5'-ACACTCTTTCCCTACACGACGCTCTTCCGATCT-->
Read 1 primer

**Samarpana** · 08-05-2016, 08:31 AM

Thanks so much for explaining. So, when I use it in the sample sheet for demultiplexing, should I use the 7 base's complimentary sequence?

Originally posted by kmcarr View Post

The indexes are the 7 bases immediately upstream of the T overhang. Read 1 sequencing primer will anneal upstream of that so your barcodes will be the first 7 bases of read #1 (followed by a T for every read) instead of the usual dedicated index reads. I have redrawn the primer pairs in the annealed state, with the bottom strand in it's proper 3'->5' orientation. Barcode is highlighted in red and position of R1 sequencing primer is shown

Code:

5'-ACACTCTTTCCCTACACGACGCTCTTCCGATCT[COLOR="Red"]GTCATGA[/COLOR]*T
3'-TGTGAGAAAGGGATGTGCTGCGAGAAGGCTAGACAGTACT-p

5'-ACACTCTTTCCCTACACGACGCTCTTCCGATCT[COLOR="Red"]ACATCTC[/COLOR]*T
3'-TGTGAGAAAGGGATGTGCTGCGAGAAGGCTAGATGTAGAG-p

5'-ACACTCTTTCCCTACACGACGCTCTTCCGATCT-->
Read 1 primer

**thermophile** · 08-05-2016, 09:57 AM

index 1 (the one on the p7 end) needs to be reverse complimented. I2 (the one on the P5 end) does not.

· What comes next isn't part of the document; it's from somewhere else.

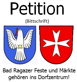 Seit mehreren Jahren werden wir Einwohnerinnen und Einwohner, Bürgerinnen und Bürger, Kinder und Freunde von Bad Ragaz aus dem Dorfzentrum verbannt. Wir müssen unsere Feste und Veranstaltungen an der Bahnhofstrasse abhalten. Dieses „Abschieben“ ist nicht korrekt. Wir sind hier zuhause! Überall findet das Dorfleben und die Festivitäten im Zentrum statt. Das wollen wir auch. Wir bitten den Gemeinderat und den Ortsverwaltungsrat darum, uns wieder ins Dorfzentrum zu lassen! 7310 Bad Ragaz, Herbst 2011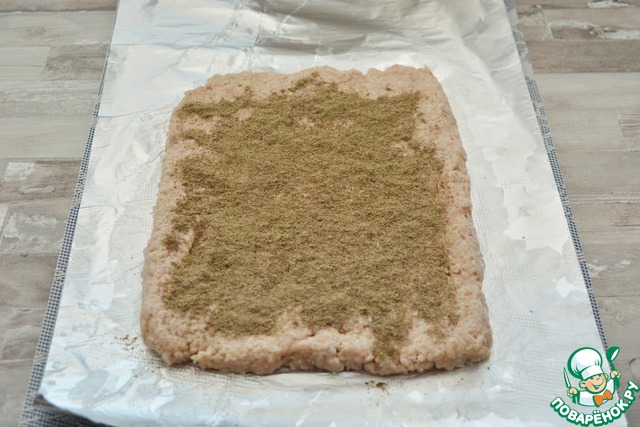 На листе фольги разложите фарш слоем 1 см, обильно посыпьте его черным молотым перцем ( у меня ушло около 1 ст. л.)

**kmcarr** · 08-05-2016, 10:32 AM

Originally posted by thermophile View Post

index 1 (the one on the p7 end) needs to be reverse complimented. I2 (the one on the P5 end) does not.

That does not really apply in this case since the index is part of sequencing read 1, not a dedicated read.

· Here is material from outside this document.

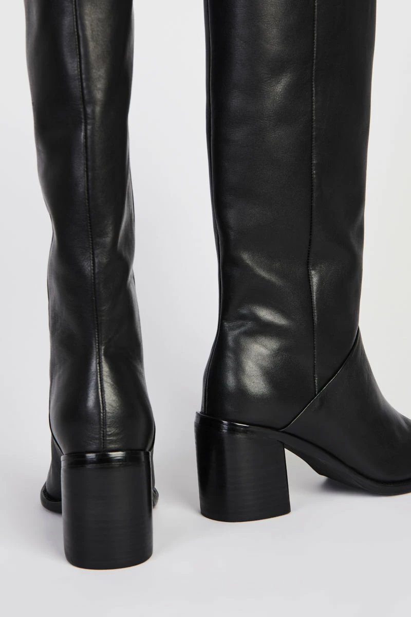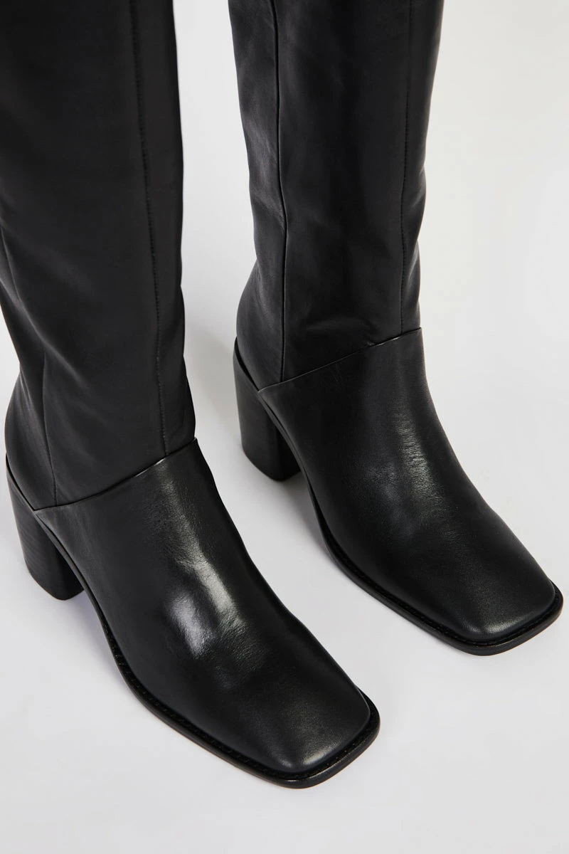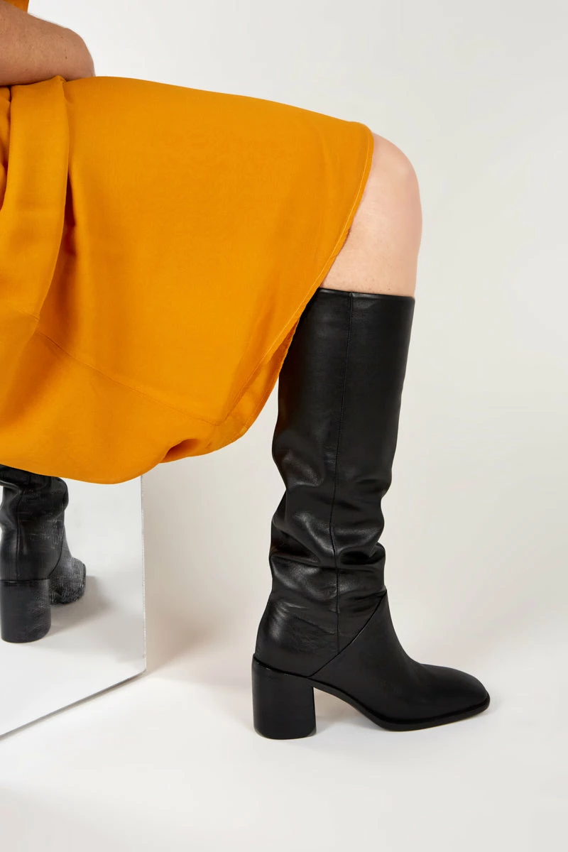 A tall boot that is different. We love the combination of the square two with the straight shaft, wear it bunched down, or tall and straight.
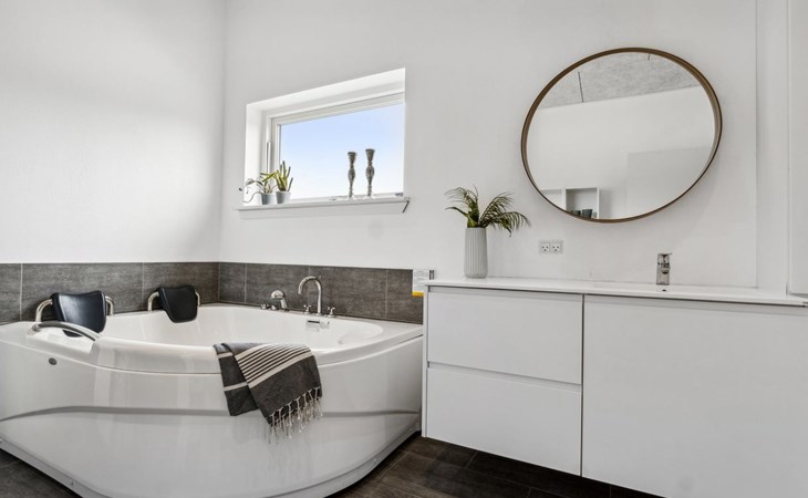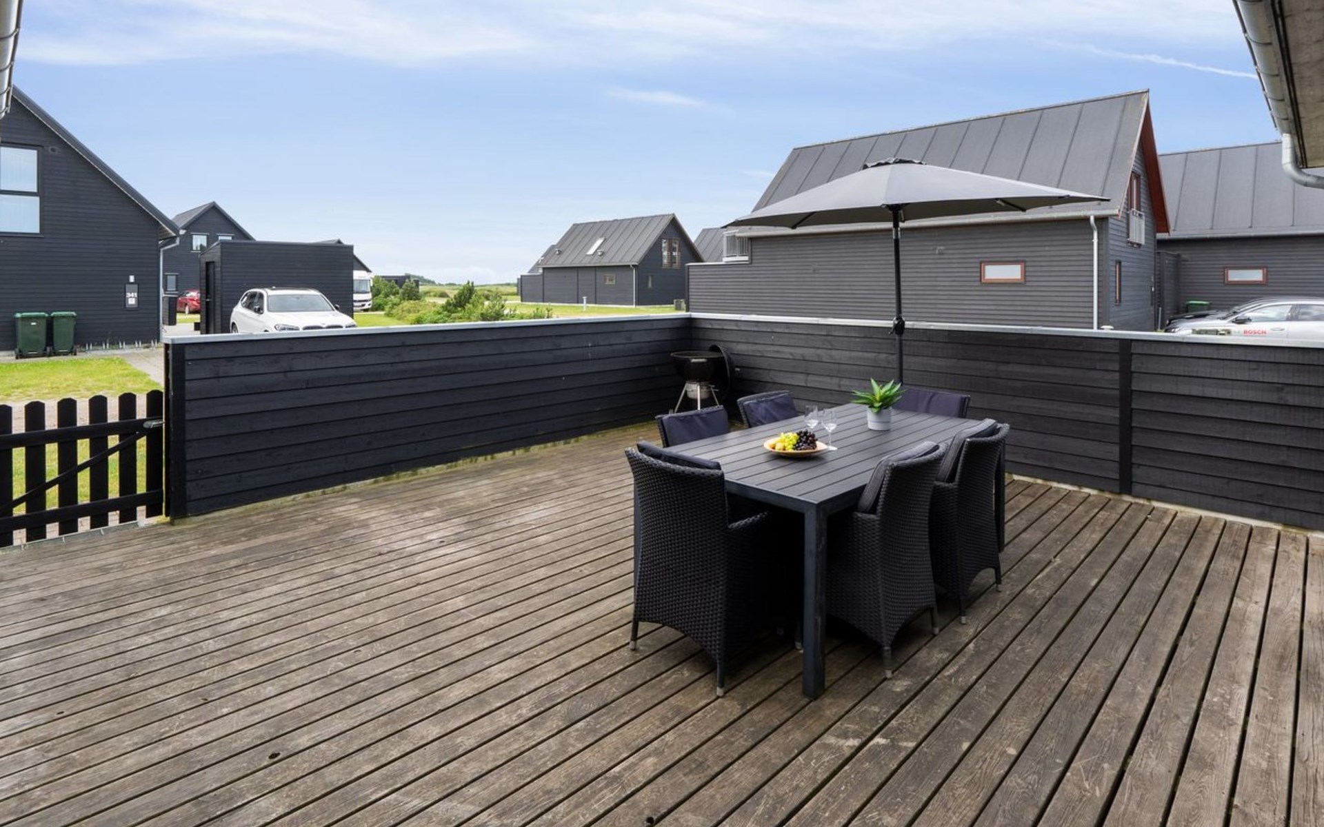 Single-family house, built in 2016. 1.4 km from the sea. Private: barbecue. In the house: washing machine, tumble dryer. Parking at the house. Grocery 900 m. Golf course 800 m. The owner does not accept any youth groups.

In this case enter the barcode as it appears (do not reverse complement). That is the orientation it will appear in the sequencing read so that is the orientation which should be in the sample sheet.

If using Illumina Bcl2fastq to demultiplex your data the correct --use-bases-mask configuration would be "I7NY*" for single end reads and "I7NY*,Y*" for paired end reads. This tells Bcl2fastq to use the first 7 bases of read 1 as the index, skip over the "T" following the index and output the remainder of read 1 as the sequence read.

I find myself wanting to ask how you are adding the P5 & P7 oligos? As shown these adapters will not produce full Illumina library fragments as they only contain the sequence priming site, not the P5 & P7 oligos necessary for flow cell binding and bridge PCR. Is there a PCR step after ligation to add the additional sequences? That's the usual strategy.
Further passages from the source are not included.